Identification of the Carbon Dioxide Burst in Chlorella Using the Recording Mass Spectrometer.

Abstract
Observations of Emerson and Lewis on the CO2 burst in C. pyrenoidosa were substantially confirmed by an independent method. Gas exchange was measured by mass spectrometry which is specific both for CO2 and for O2. When cells were cultured according to conditions reported by Emerson and Lewis to result in maximum deviations in pressure from the steady state rate at the beginning and end of illumination, prominent changes in CO2 were observed with the present method. Identification of the gas responsible for the pressure changes was unequivocal; O2, N2, H2 and CO were specifically eliminated as significant contributors to the pressure transients. The burst was observed to depend on both O2 and CO2 tensions during the preceding dark period.
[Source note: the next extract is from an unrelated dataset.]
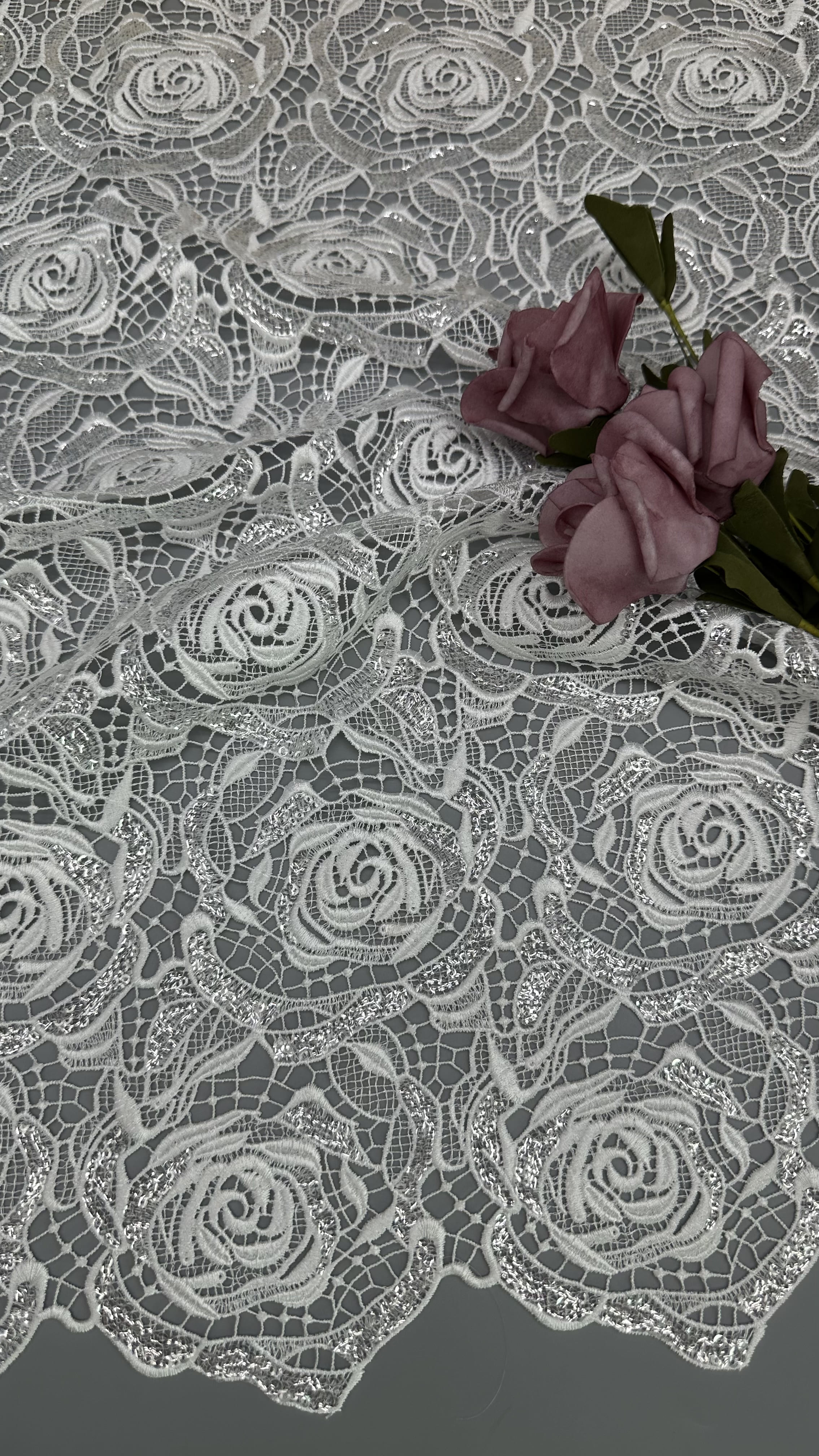 | Gaya: | Kain renda bertali | Jenis: | Kain bordir |

Magnitude of the burst also depended on the duration of the dark interval before illumination. The half-time for restoration of maximal burst capacity was about 5 minutes. The phenomenon was not eliminated by cyclic repetition of dark and light periods; each illumination produced a burst whose magnitude depended on the length of the preceding dark period. When cells capable of exhibiting a burst were exposed in the dark to C13O2, production of C13O2 was observed at the beginning of subsequent illumination. Isotope exchange between environmental CO2 and the burst reservoir was at least as rapid as the dark refilling of this reservoir. Differential inhibitions of steady state photosynthesis and of the CO2 burst were observed with KCN and with o-phenanthroline.